Franju preferred collaborative pursuits to iconoclasm, but remained nonetheless distrusting of social institutions, a perspective evident in Eyes Without a Face’s depictions of law enforcement and medicine.  The police get off relatively easily; they are well meaning but ineffectual, unable to breach the surface of the mystery in front of them.  Equilibrium is not restored by their feeble efforts, but rather through the release of Christiane’s elemental fury and the triumph of nature over science.  Her actions are an expression of madness, to use Franju’s own term, insofar as they are both extreme and contrary to her own interests, but they do represent something greater and farther reaching.  Her rebellion may not help her as an individual, but it does benefit the demographics with which she has identified herself: a woman, a victim, and an entity considered subhuman in the eyes of progress.

It is in fact the latter’s uprising, in the form of the dogs’ attack on their master, which strikes the final blow upon Génessier, stripping him of his own humanity by taking away both his life and his visage.  It’s a haunting image in any context, but acquires an added resonance in the France of 1960, which was still attempting to resuscitate its own identity following the German occupation of World War II while simultaneously fighting a losing battle against the escalating Algerian insurgency.  Eyes Without a Face’s skepticism that the tools of modernity could be used to repair that which they themselves had vandalized was thus endemic to its time and place, but remains relevant more than half a century later.  Whether it be pharmaceuticals with side effects worse than the symptoms they treat, the moral dilemma of sacrificing one life to save another, or even the broad pro-vs-con debates that surround our increasing reliance on connective mobile technology, the questions raised by Eyes Without a Face of moral relativity in technological imperatives are as hard to answer now as ever before.  Incidentally, many of these ethical concerns were reintroduced to public debate in 2005 following the first successful face transplant.  (In an eerie example of life imitating art, the recipient was a French woman whose face had been mauled by her black labrador retriever.)

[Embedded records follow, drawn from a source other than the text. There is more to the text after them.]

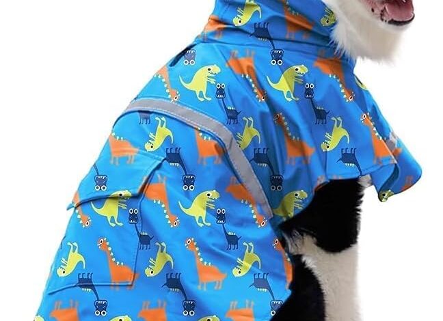Raincoat for Large Dogs Dinosaur Adjustable Waterproof Lightweight Rain Jacket Poncho Hoodie with Reflective Stripe (Blue Dinosaur, L)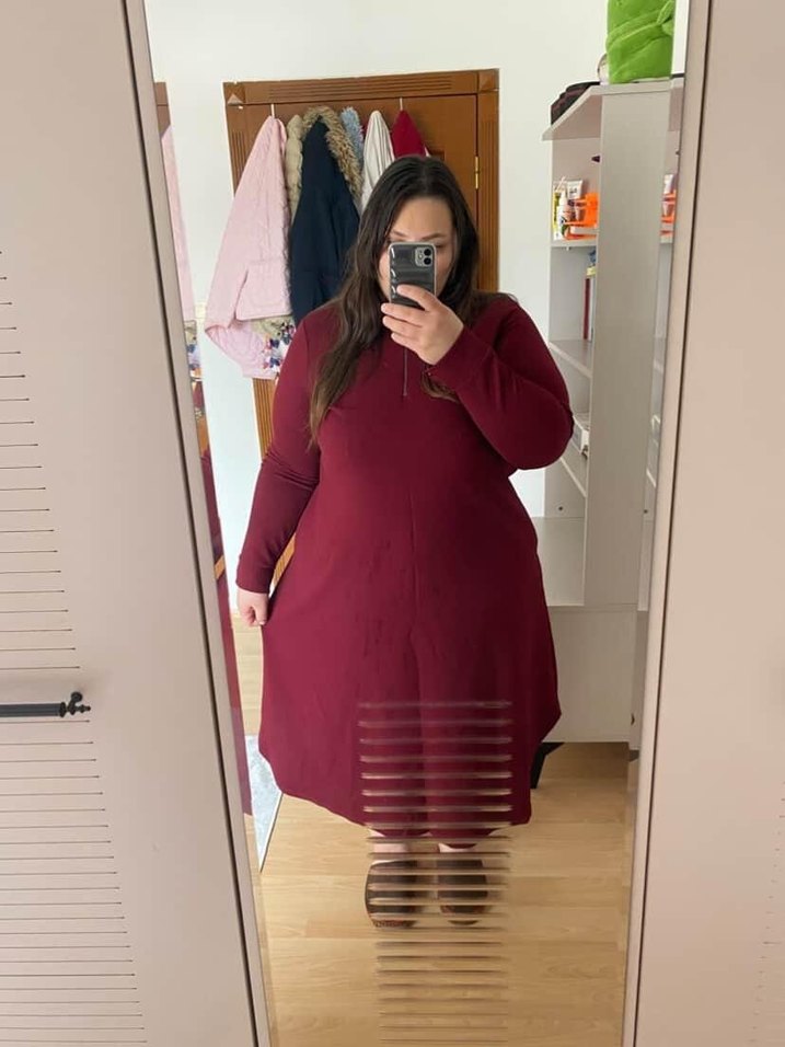 Bordo midi uzunlukta, bol kesim kadın triko elbise. Uzun kollu, yüksek yakalı ve fermuar detaylidir, jarse tarzı kumaştan üretilmiştir güzel üründür. Günlük kullanıma uygun, rahat ve şık bir tasarıma sahiptir. tesettür için uygundur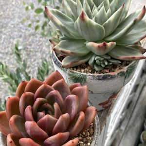 こんばんは🌙✨ 今日も暑かったですね🫠💦 みなさん、お疲れ様です。 先週、護国神社の蚤の市で、お迎えした可愛い彼女です🩷 エケベリア属 ホワイトナイト🌃 ホワイトじゃないけど…🤭 綺麗な紅葉❓ 姉さんと一緒で、ぷくぷくだねぇ(笑)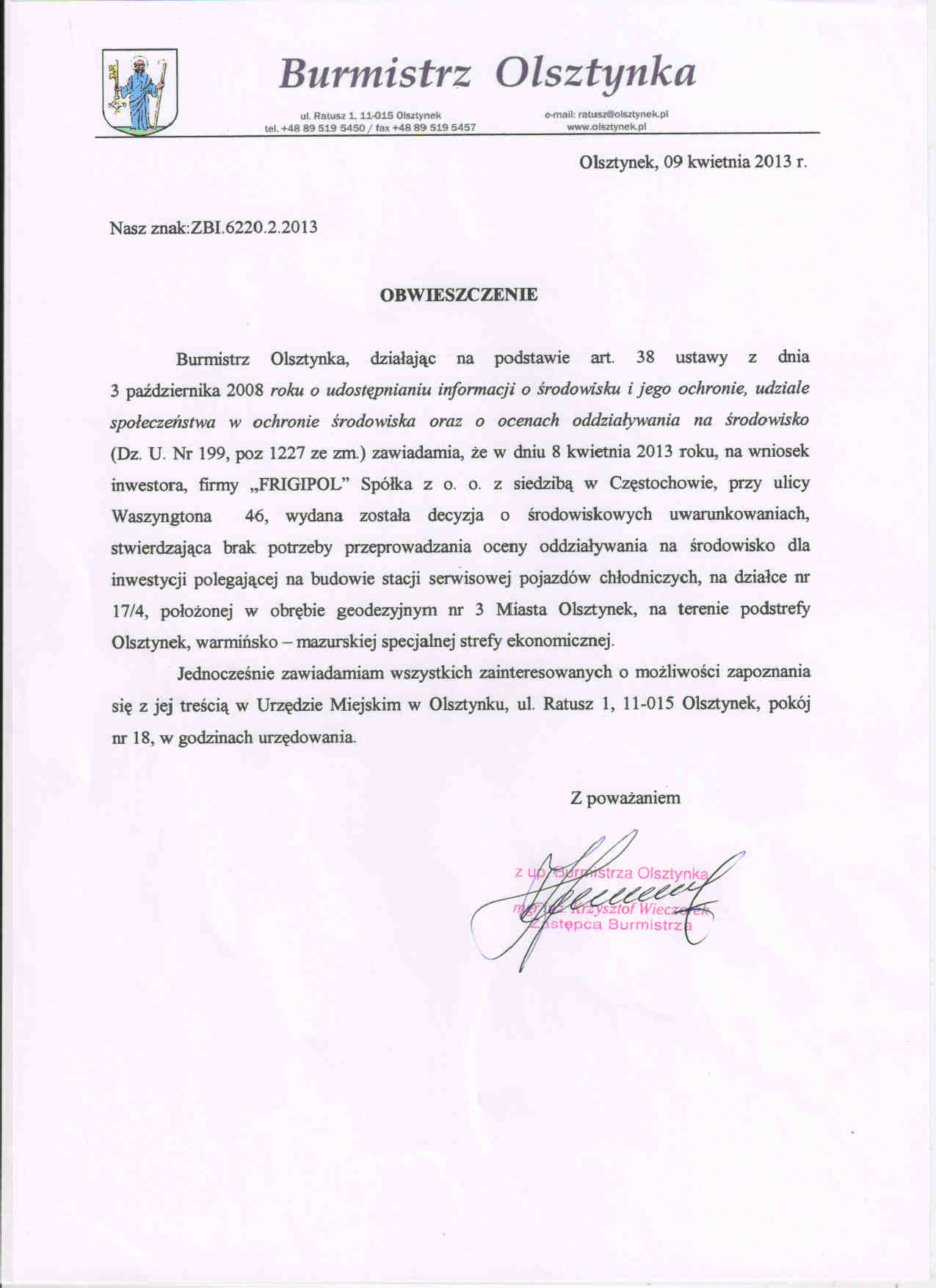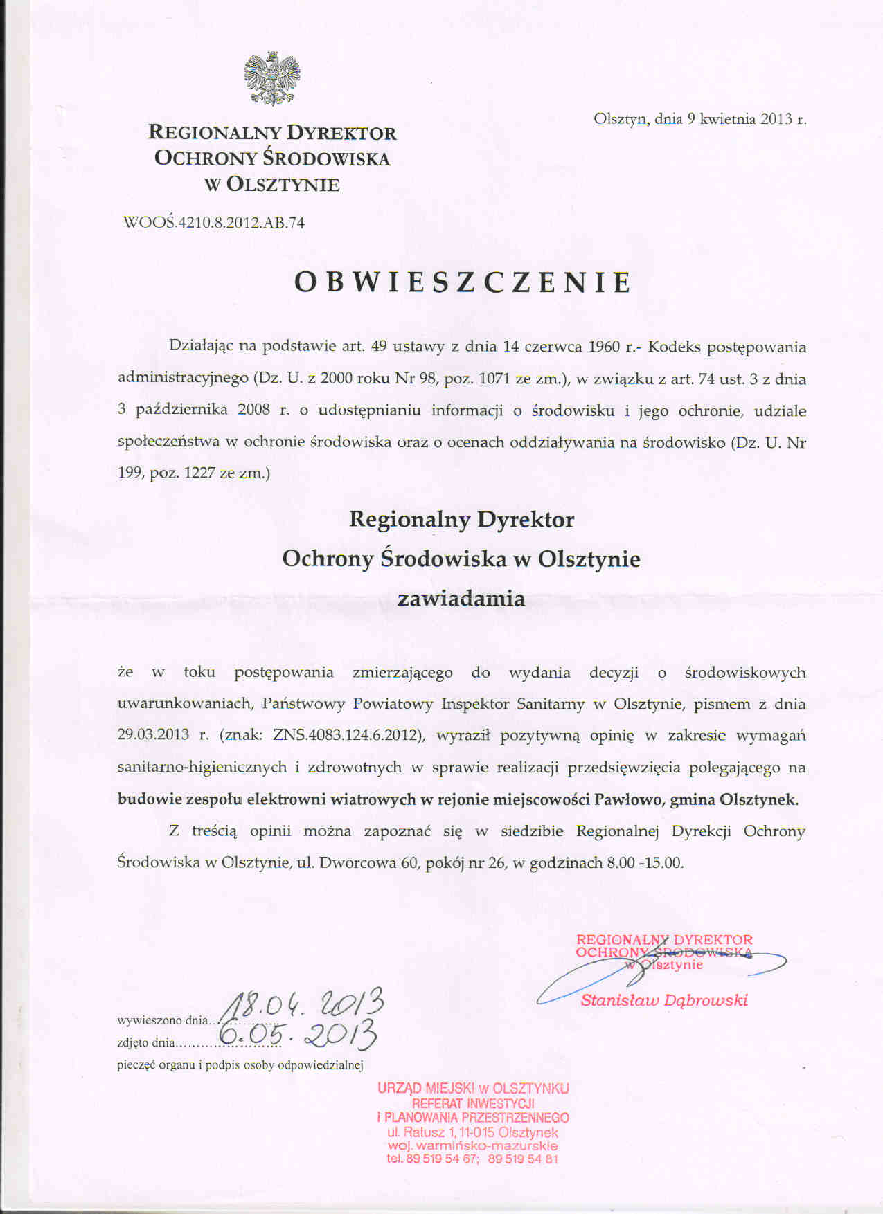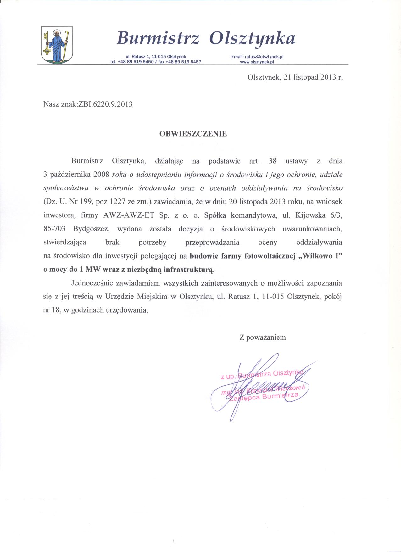Powiadomienie RDOŚ Olsztyn WOOŚ.420.16.2024.MK.22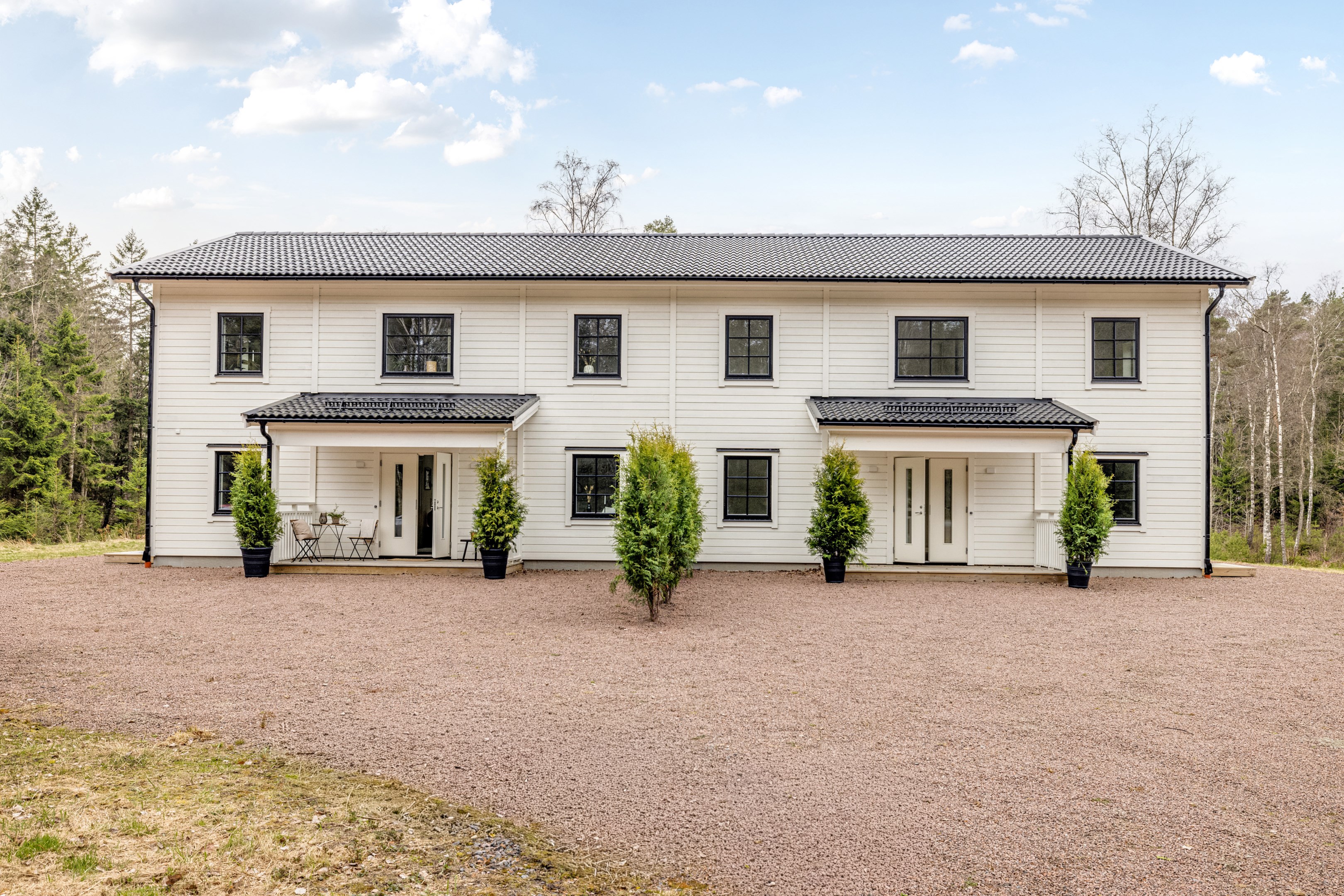 NYPRODUCERAT PARHUS FRÅN A-HUS MED HÖG STANDARD, MINIMALA DRIFTSKOSTNADER OCH UTSIKT ÖVER GLITTRANDE VATTEN För mer inomhusbilder, gå in på Benarebyvägen 181. Detta huset är identiskt med det andra parhuset men spegelvänt. Vill du köpa ett eget hus men bo nära bästa vännen eller någon i familjen? Då är denna fastigheten ett perfekt hus då båda parhusen är tillgängliga. Välkommen till ett stilrent parhus, där kvalitet, komfort och genomtänkt design möts i perfekt harmoni. Här erbjuds ett hem med generösa rumsvolymer, ett fantastiskt ljusflöde och en flexibel planlösning med upp till fem sovrum – eller kontor och 3 sovrum kombinerat med en lyxigt stor walk-in closet för dig som värdesätter extra förvaring och hotellkänsla i vardagen. Bostaden präglas av påkostade och enhetliga materialval. Vackra parkettgolv från Kährs löper genom hela huset och samspelar elegant med det moderna köket från Marbodal i stilfull grafitgrå kulör. Här finns en välutrustad maskinpark från Siemens som gör vardagen både smidig och bekväm. De öppna och lättmöblerade ytorna mellan kök och vardagsrum skapar en naturlig samlingsplats för familj och vänner. Förberett för kamin. De svarta kvalitetsfönstren från Traryd förstärker det moderna uttrycket och ramar in utsikten på ett smakfullt sätt. På entréplanet bidrar vattenburen golvvärme till en behaglig inomhuskomfort året om. På övre plan möts du av ett stort och inbjudande allrum med härligt ljusinsläpp, en perfekt plats för avkoppling eller familjens gemensamma stunder. Här finns även bostadens större sovrum samlade, vilket skapar en privat och lugn sovdel. Bostaden erbjuder två stilrena, helkaklade badrum samt en rymlig och praktisk tvättstuga med separat entré – en funktionell lösning som underlättar vardagen, särskilt för barnfamiljen eller den aktiva. Via helglasade dubbeldörrar öppnar du upp mot en stor altan i skyddat läge, där du kan njuta av solen större delen av dagen och en rogivande utsikt över Djurtjärn. Här skapas en perfekt plats för både avkoppling och sociala stunder i en lugn och naturskön miljö. Huset har inte bara minimalt med underhåll i många år, det är också energieffektivt och ekonomiskt och fick inte en enda anmärkning på besiktningen. Med energiklass B, ett effektivt värmesystem och ett modernt minireningsverk utan kemikalier hålls driftkostnaderna på en mycket låg nivå, vilket ger ett hållbart boende både för plånboken och miljön. Läget är optimalt för dig som vill kombinera natur och närhet till service. Här bor du i ett stillsamt område med naturen runt knuten, samtidigt som busshållplats finns några 100m från huset och med bil tar du dig till centrala Mölnlycke på cirka 9 minuter. I närområdet finns många fina badsjöar såsom Rådasjön, Stensjön och populära Finnsjön med fina motionsspår och otrolig natur. Även Bråtaskogens naturreservat erbjuder mäktiga naturupplevelser. Gunnebo slott, Wendelsberg och Råda säteri är populära utflyktsmål. Mölnlycke centrums växande utbud erbjuder matvaruaffärer, torghandel, restauranger, caféer, stenungsbageri, systembolag och flera mysiga små inredningsbutiker. För den aktive ligger padelanläggning, tennisbanor, gymkedjan SATS och golfbana i Öjersjö på bekvämt avstånd. Även den anrika innebandyföreningen Pixbo håller till i Mölnlycke. Mycket bra bussförbindelser både till Göteborg och Mölndal.

Franju would frequently revisit the motif of masked or faceless crusaders, most notably in two films written by Jacques Champreux: his adaptation of Louis Feuillade’s Judex and his final feature Nuits Rouges.  None, however, had quite the bone-chilling and visceral impact of Eyes Without a Face.  Much credit must be given to Édith Scob, whose quiet, confident performance and absent, aloof beauty elevate an already exemplary film.  More haunting than the imagery, however, is the metaphor, the idea that we are all faceless in technology’s gaze.  Adam and Eve were warned not to eat the apple, but we are systematically taught to put our faith in progress.  Often, we are so enraptured by modernity that we are blinded to its potential perils.  If we are frightened by Dr. Génessier, it is not because we may confront him, but because we may become him.